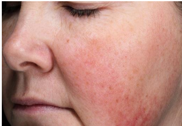
Figure No. 7: Patient photo after the study product application in Anti-age group

The comparative analysis of the results for participants of Anti-age group versus Placebo group demonstrate that overall, there are similar tendencies in detected changes in skin condition (Table No 3).
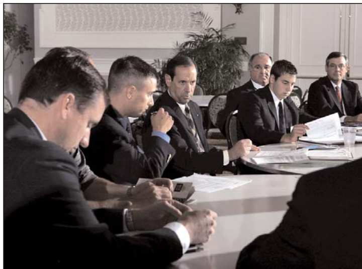
National leaders discuss issues of the fraternity during a meeting at this year's 58th National Convention.
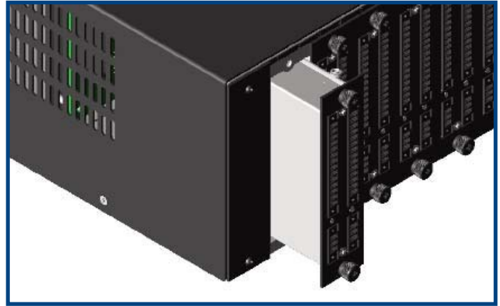
View of ZPU-5000 plug-in modules
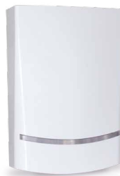
SRL800 SRL900 wireless outdoor siren
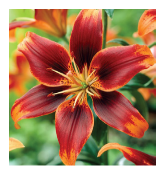
Forever Susan Height:90cm A: £1.75 B: £1.20 C: £1.00
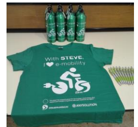
STEVE Merchandising in Calvià

Due to COVID19, contingency measures have been implemented by AnySolution for Calvià's pilot: the geographical coverage of the pilot has been expanded (now also including the municipality of Palma in addition to Calvià) and two additional target groups (commuters to the University of the Balearic Islands and a delivery company using LEVs) have been added to residents and tourists. Merchandising has been produced so as to encourage e-bike users to download the SAMAY App and fill out the STEVE questionnaire.
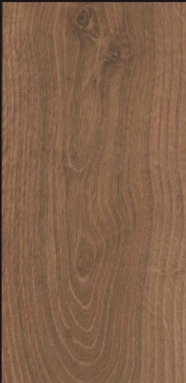
1670 | deep country oak
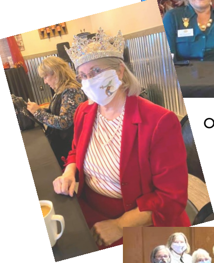
October 28th - Three Sisters Nile Club ↓
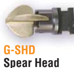
G-SHD Spear Head
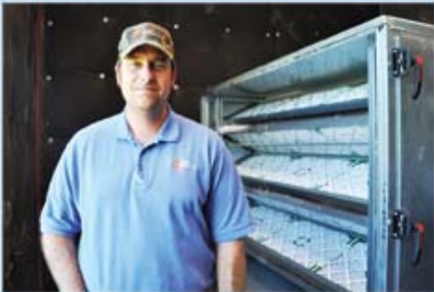
Delta Community College
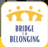
Onsite Partners, Staff, & Honorees at MDM's 2025 Bridge to Belonging event.

"MDM's campus provides a safe, stable, and truly welcoming environment where mothers and children from refugee backgrounds can learn, grow, and build community.

Task brief
Please copy, exactly as written, the lines from the one that contains "The comparative analysis" through the end of the records, both ends included. Do not include the pictures.

Output of the exercise
The comparative analysis of the results for participants of Anti-age group versus Placebo group demonstrate that overall, there are similar tendencies in detected changes in skin condition (Table No 3).
National leaders discuss issues of the fraternity during a meeting at this year's 58th National Convention.
View of ZPU-5000 plug-in modules
SRL800 SRL900 wireless outdoor siren
Forever Susan Height:90cm A: £1.75 B: £1.20 C: £1.00
STEVE Merchandising in Calvià

Due to COVID19, contingency measures have been implemented by AnySolution for Calvià's pilot: the geographical coverage of the pilot has been expanded (now also including the municipality of Palma in addition to Calvià) and two additional target groups (commuters to the University of the Balearic Islands and a delivery company using LEVs) have been added to residents and tourists. Merchandising has been produced so as to encourage e-bike users to download the SAMAY App and fill out the STEVE questionnaire.
1670 | deep country oak
October 28th - Three Sisters Nile Club ↓
G-SHD Spear Head
Delta Community College
Onsite Partners, Staff, & Honorees at MDM's 2025 Bridge to Belonging event.

"MDM's campus provides a safe, stable, and truly welcoming environment where mothers and children from refugee backgrounds can learn, grow, and build community.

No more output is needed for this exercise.